Quedan pocas botellas de esta joya, menos de 1000. Pizarra roja desmoronada para una cosecha de primavera primeriza, mayo cálido y septiembre-octubre muy lluviosos. Amarillo bastante pálido en copa, tremenda mineralidad en el primer golpe de nariz: gasolina de zippo que se evapora con rapidez gracias a una copa Mikasa. Tierra mojada, cerilla consumida, jazmín. Tremenda estructura en boca, acidez, cuerpo y brío. Zumo de pomelo en posgusto y la sensación de que a este 98 le quedan largos años por delante. Como decía quien más sabe: será Qba pero tiene alma, cuerpo y estructura de Kabinett de gran calidad este vino. Para comprar, disfrutar ya y lo que sobre, guardarlo algunos años más.

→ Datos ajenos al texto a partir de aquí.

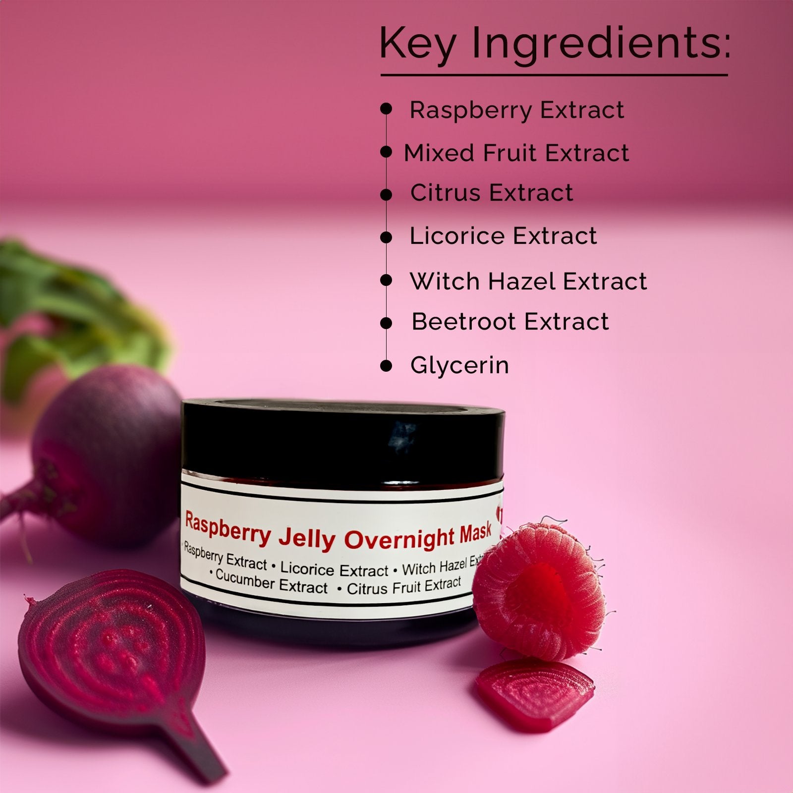 Rich in antioxidants and Vitamin C, the Raspberry Jelly Overnight Mask is a potent blend of nature's finest ingredients. Raspberry extract illuminates the skin, while licorice extract gently soothes and evens out skin tone. The mask also features cucumber extract, revered for its anti-aging properties, and witch hazel extract, known to reduce acne and refine pores. Together, these elements work in harmony to gently exfoliate, clarify, and revitalize your skin, making it suitable for all skin types.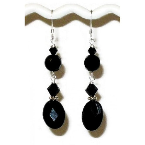 These elegant black dangle earrings consist of faceted black onyx beads and Swarovski crystals.  They measure approximately 2 inches, which include the silver-plated earwires.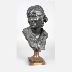 1. Hälfte 20. Jh., auf Plakette bezeichnet ”Offert par la Société Anonyme Belge Chaleur & Lumière à son Administrateur délégué, Monsieur Emmanuel de Valeriola 1892–1922” (Geschenk der belgischen Geheimgesellschaft Chaleur & Lumière an ihren Geschäftsführer, Herrn Emmanuel Valeriola 1892–1922), Bronze dunkel patiniert, Brustdarstellung eines lachenden Mädchens mit keck zur Seite gedrehtem Kopf, auf mehrfach getreppter und gekehlter Plinthe, gute Erhaltung, H 60 cm.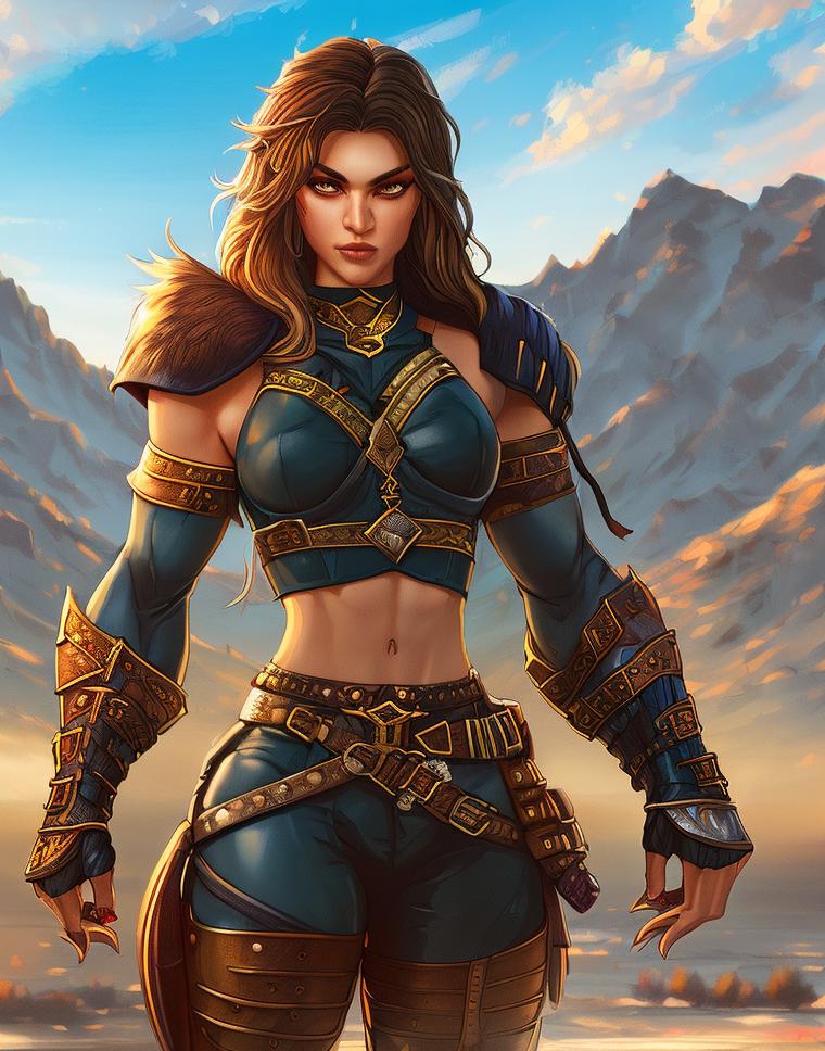 digital illustration, (young barbarian woman), leather pants, soldier, warrior, highly detailed, (abs, flat stomach, thicc:1.5) (muscular:1.5), (mountain background:1.3)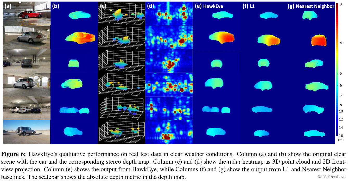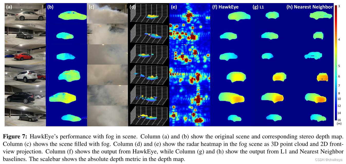 3、最近邻方案:HawkEye优于最近邻基准,在晴朗天气下可提高1.3倍至3倍,在雾天可提高1.4倍至2.4倍。这表明我们的模型没有过度拟合,可以很好地推广到测试集中的新数据点。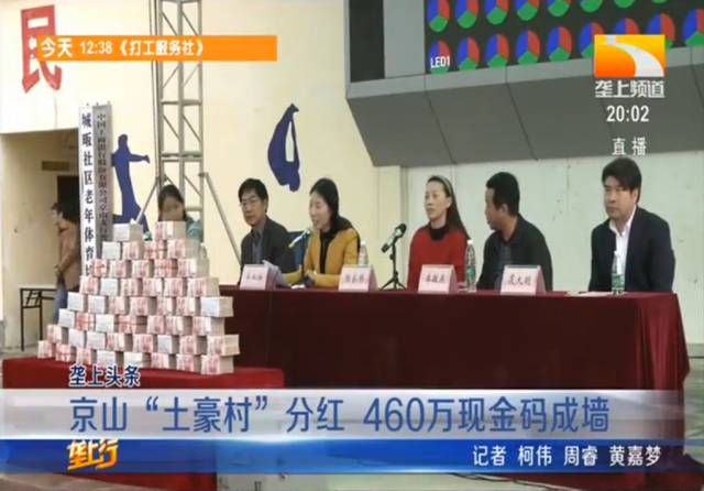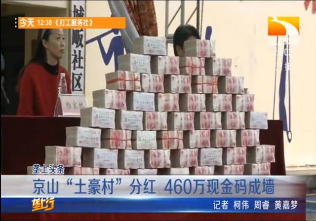 前不久,在京山县城畈村,460多万元的现金,被银行的工作人员整齐的摆放在桌子上,一捆捆的百元大钞摞起来足有一人多高,这些百元大钞,全部发给了现场的1800多名城畈村的村民。

El otro plato fuerte de la noche era la cata comparada de varias parejas. Una ya la conocía bastante bien (y tengo a buen recaudo algunas botellas todavía, de varias añadas): el pago de la farmacia de Tritenheim de Grans-Fassian. Lo pasé en grande con ellos, pero me quedo, hoy, con la narración de la "lucha" habida en el trocito de la Iglesia, Kirchenstück, quizás el pago más valorado del Palatinado. Como bien recordaba un amigo, una estaca con el nombre de la bodega separa la uva de Dr.Bürklin-Wolf de la de Basserman Jordan. Pero las diferencias son más notables en nariz y en paladar. Gran ejercicio el propuesto por Vinialia, sin duda, al comparar Kirchenstück GG 2002 de ambas bodegas. En mi percepción de esa noche, Bürklin-Wolf estuvo superior. Del color, casi, de la miel de castaño, es un vino con aromas de flor seca y todas las variedades (¡a lo largo de una hora!) del caramelo y del dulce de leche (toffee y azúcar). Es un vino con músculo, estructurado. Mi sensibilidad iba más por ahí, pero reconozco que Basserman Jordan, con un grado, un tartárico y un azúcar residual casi paralelos (13,5ºC / 7,6 gr/L / 7,5 gr/L) al anterior vino, ofrecía un perfil muy distinto, mucho más austero, mineral, con aromas de infusión de manzanilla, con ceniza más marcada, casi con crema de cacahuetes al final. Mis dos vinos de la noche, sin duda, fueron estos dos, de dos de las mejores bodegas alemanas, Von Schubert y Bürklin-Wolf. Del Grans Fassian Trittenheimer Apotheke Auslese 1990 ya he hablado en otra ocasión: otro vinazo, sin duda.

La foto de Herrenberg (de la montaña, vaya) es de Winepage. La de Kirchenstück, de Polakia.